That's surely a dream Toyota. With regard to wiring your gauges, my approach with my truck has been to use marine grade materials, especially marine adhesive lined heat shrink and marine terminals. Pretty much just crimp your terminal, give it a good tug-test, shrink up the heat shrink (which you should get over the wire before you put the terminal on, otherwise it may not fit). I've found this guide as good as any for the basics of DC wiring:
https://www.westmarine.com/WestAdvisor/Marine-Wire-Terminal-Tech-Specs
You'll probably need to locate constant, switched, and headlight switched 12v sources for the gauges. Other than that the easy part will probably be following the wiring diagrams the gauges come with, and the hard part will be getting everything plumbed so it doesn't look like a total mess.
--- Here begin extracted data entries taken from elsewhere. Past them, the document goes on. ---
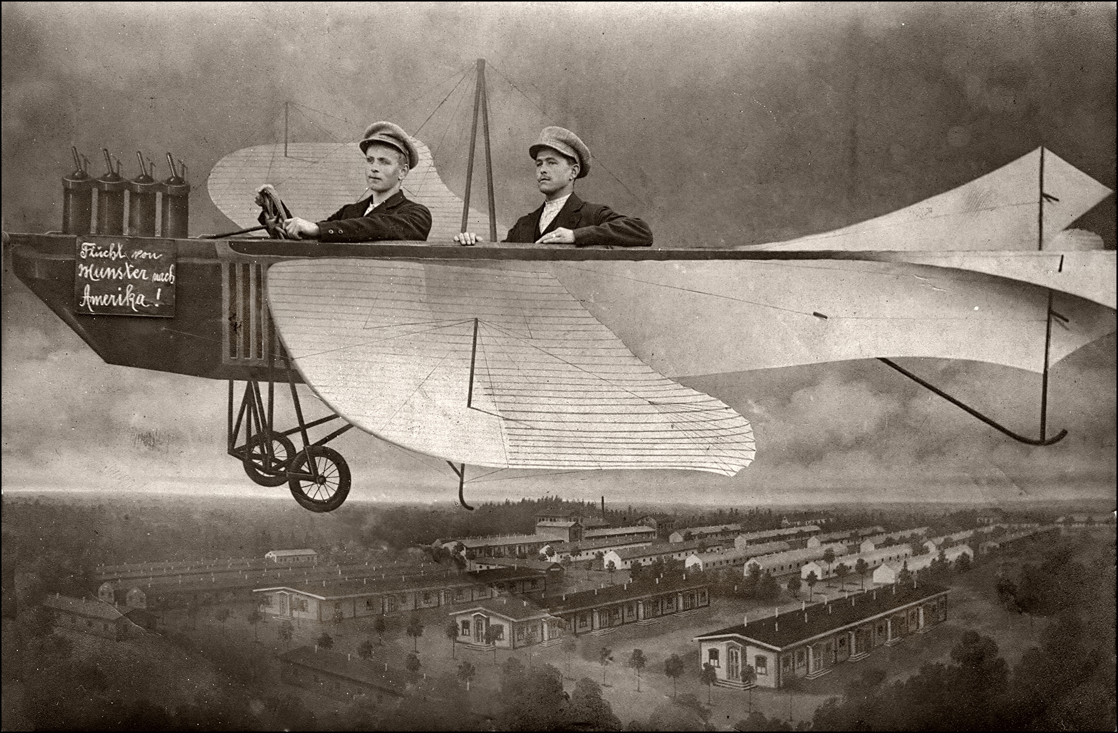 Studio portrait with an airplane foreground - "Escape from Munster to America"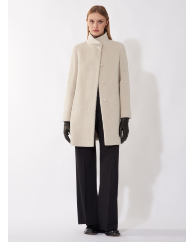 Short flared beige wool and alpaca coat with side vents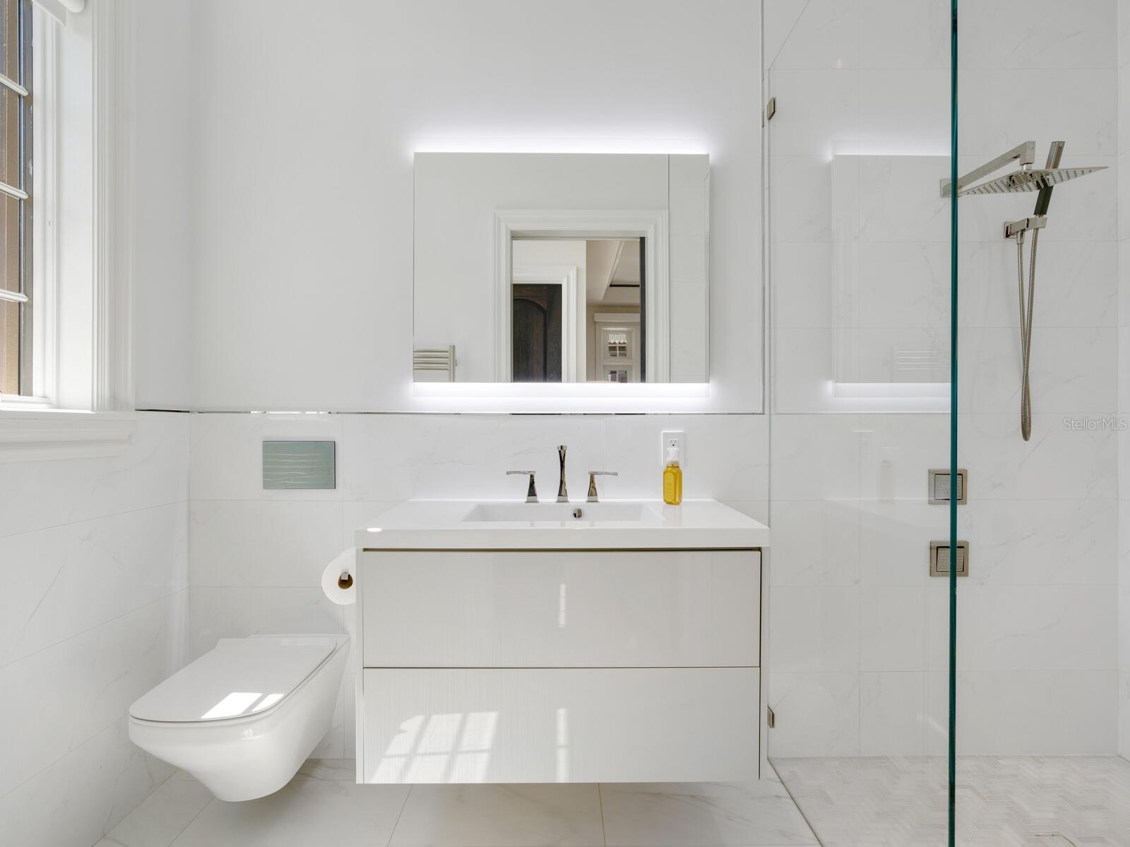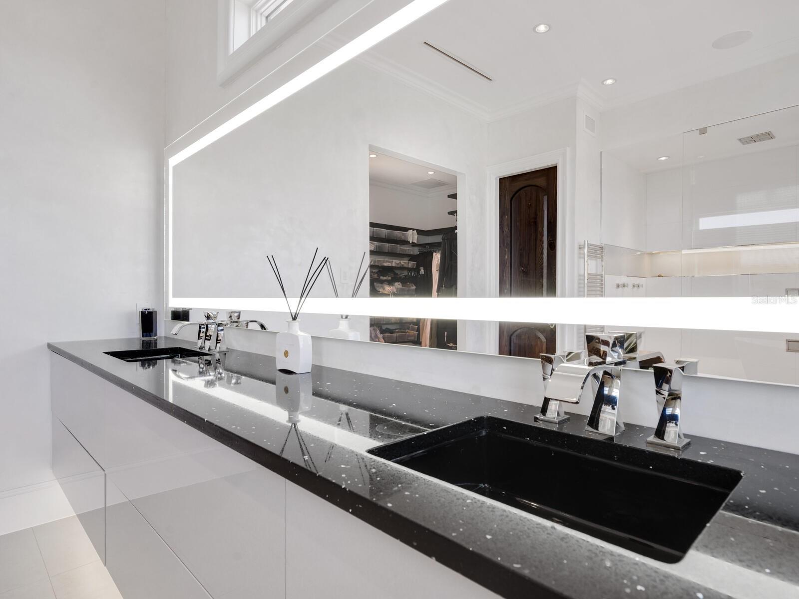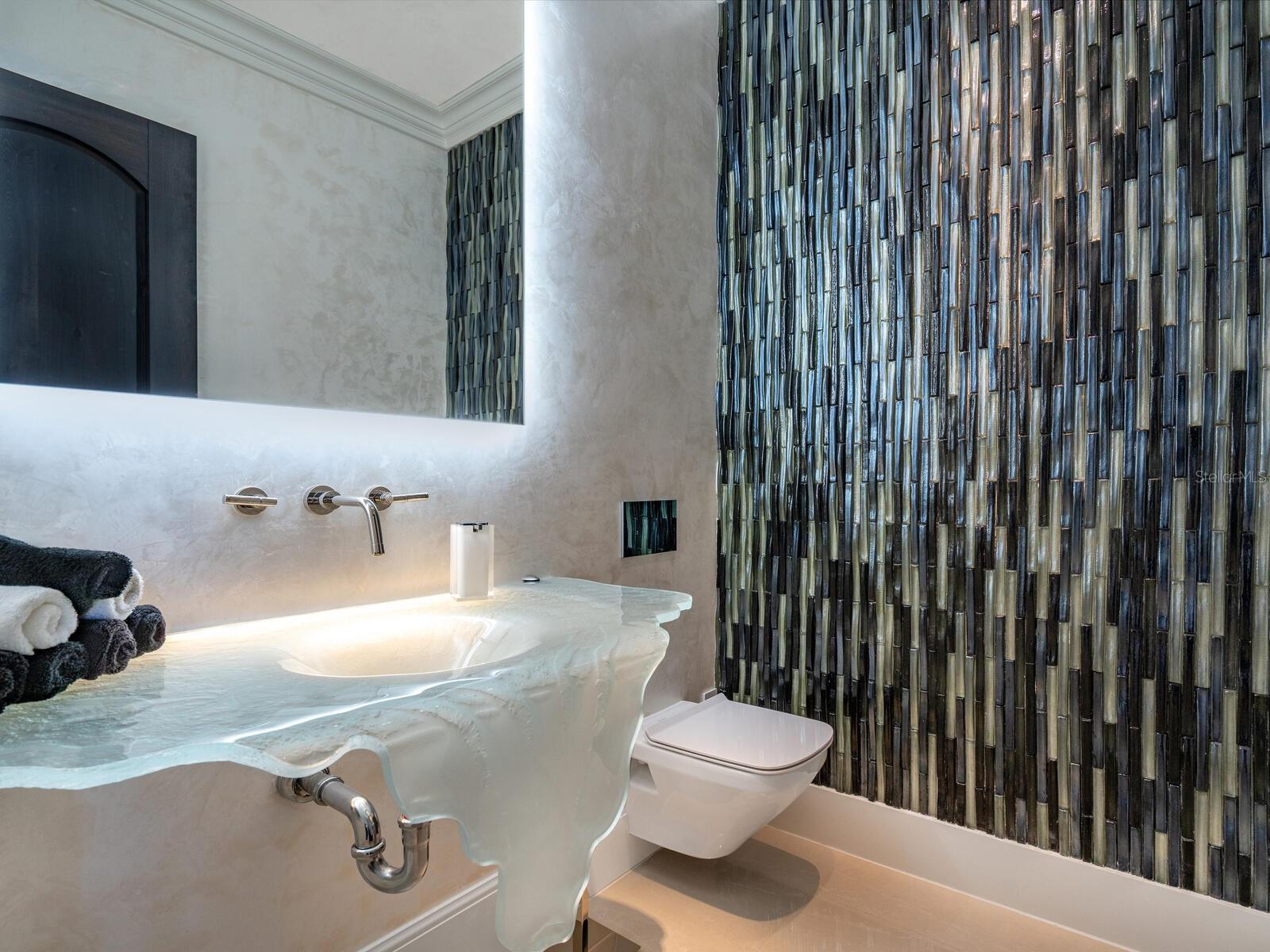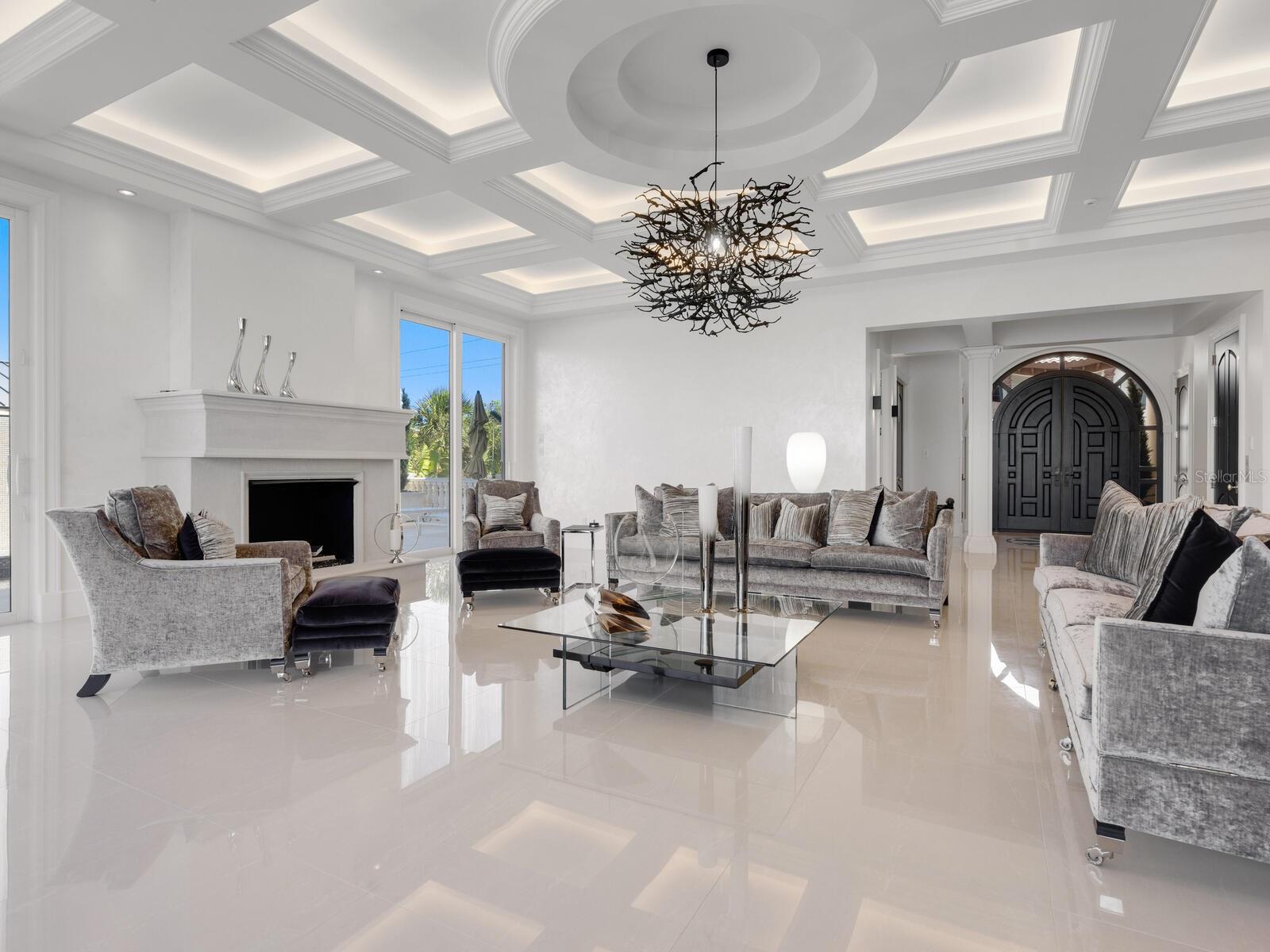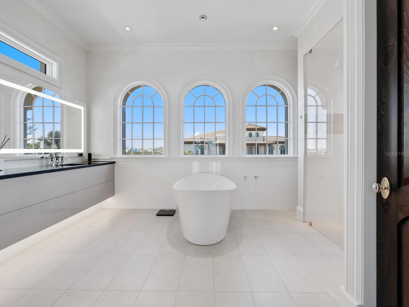 Refined elegance in a near-perfect location just steps from the white sandy beach, this 2018-built Casey Key gulf front estate has it all. Upon entering through the custom wood-arched double doors one may be taken aback by the juxtaposition of the traditional exterior and dramatic clean lined interior that gives way to breathtaking views of the gentle blue waters of the Gulf of Mexico. Towering ceilings and expansive walls of glass maximize the water vistas while the use of unique finishes and custom design elements create an impressive yet comfortable feeling throughout. Designed for entertaining, the home's main living areas are open to terracing outdoor spaces creating a seamless functional flow inside and out that accentuates the true island lifestyle. The gourmet kitchen is completely open to the adjacent dining area and great room and includes custom Italian Cucina cabinetry, Dekton counters, galley sink, a large rectangular island with counter height seating, and an appliance package featuring cabinet front Miele refrigerator, freezer, and dishwasher, two Bosch double wall ovens and Induction cooktop, and a Sharp microwave built into the island. The open infinity pool is just off the great room and is the perfect spot to relax after a day on the beach or to take in a stunning sunset. There is a pool bath accessible from the pool deck. The main living level also features a state-of-the-art media room with seating for seven, a guest suite, a powder room, and a butler’s pantry. The second living level boasts a spa-like owner’s retreat with a private terrace, a sitting area, a walk-through closet, dual vanities, a water closet, free-standing tub, and a frameless glass-enclosed shower with multiple shower heads. There are two additional guest suites and a large laundry room on this level as well. The lower level features a walkout to a private back yard and an enormous amount of storage space. A Creston home automation system, full house Generac generator, three-stop elevator, gas fireplace, motorized screens, motorized sliding glass door, hidden linear air conditioning vents, and two, two-car garages complete this incredible home.

My advice for that is to not be shy about ripping stuff out when you realize you should have run wires under something you went over, etc., and to always upsize conduit and firewall holes for the wire you forgot to include in the bundle or future modifications. Actually it might not be a bad idea to pass extra wires through the firewall for future devices.
It sounds like you've already got your gauges; times are changing fast in the world of automotive gauges. When I added AFR and fluid temp gauges to my rig I went with PLX specifically because they have an app and a bluetooth interface, so I can monitor everything on my iphone and don't have to have a bunch of non-stock gauges. PLX currently offers a EGT sensor, but not a boost sensor as far as I can tell. The system is really nice because as they upgrade the app they add new features (still waiting for a data logging feature).
Edit-Actually it looks like PLX's boost transducer is built into their SMPro unit, so you just run a vacuum hose to the SMPro. For pressure above 15 psi the manual says to zip tie the hose on there....not sure how secure that would be, or what would happen if it fell off.